Год двадцать второй. 1979
Год двадцать второй. 1979
Не знаю, как относился Примеров к Цветаевой – ни к ее стихам, ни к жизни ее, ни, главное, к тому, как она этой самой жизнью распорядилась. Слишком далеко была от него Цветаева в его роковую минуту – и во времени далеко, и в пространстве, я же волею судьбы за полтора десятилетия до гибели Бориса, едва ли не день в день, оказался в доме, где Марина Ивановна наложила на себя руки.
Не один. В составе бригады «Нового мира», которая прибыла в Набережные Челны на подшефный автозавод; отсюда до Елабуги, где нашла свое последнее пристанище Цветаева, рукой подать.
Мне было тридцать семь – тот самый возраст, при упоминании которого Высоцкого «бросало в дрожь». Мою жену, между прочим, тоже – когда-то я все канючил, что в тридцать семь меня не станет. Это было, конечно, молодой самонадеянностью: тридцатисемилетний рубеж опасен лишь для гениев. Не умея сравниться с ними жизнью, надеялся, видать, уподобиться любимцам богов хотя бы смертью. А еще магическая цифра «37» была этаким легким кнутиком: чем-то да надо постегивать себя, чтобы успеть. К тому же я с детства страдал мнительностью. Вечно доставал бабушку своим «раком» – то раком губы, в которой нащупывал вдруг подозрительный шарик, то горла, когда становилось почему-то больно глотать. Рака тогда, как и сейчас, боялись панически.

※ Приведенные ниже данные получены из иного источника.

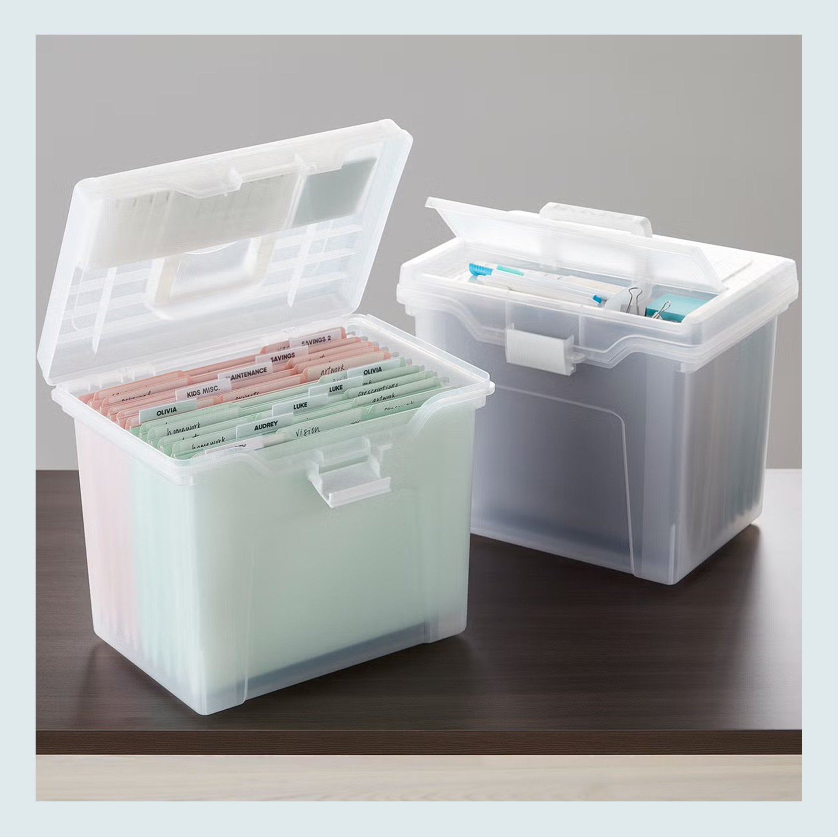 This blue file box is another piece I personally own. It holds a shocking amount of paperwork, and it’s held up great for the past couple of years. 10/10 if you don’t have space for an actual cabinet. If you want something a little more grab-and-go, this portable file box with lid organizer is perfect for that, with its top handle (and the fact that it’s slimmer).

Сколько бессонных часов провел в постели, изобретая эликсир вечной жизни – для себя и для бабушки! Не о шапке-невидимке думал, не о летающем ковре и не о залежах мороженого, а о неизбежной, по мнению взрослых, встрече со смертью. Не рановато ли? Как сказать! М. Горький приводит слова Толстого: «Если человек научился думать, – про что бы он ни думал, – он всегда думает о своей смерти».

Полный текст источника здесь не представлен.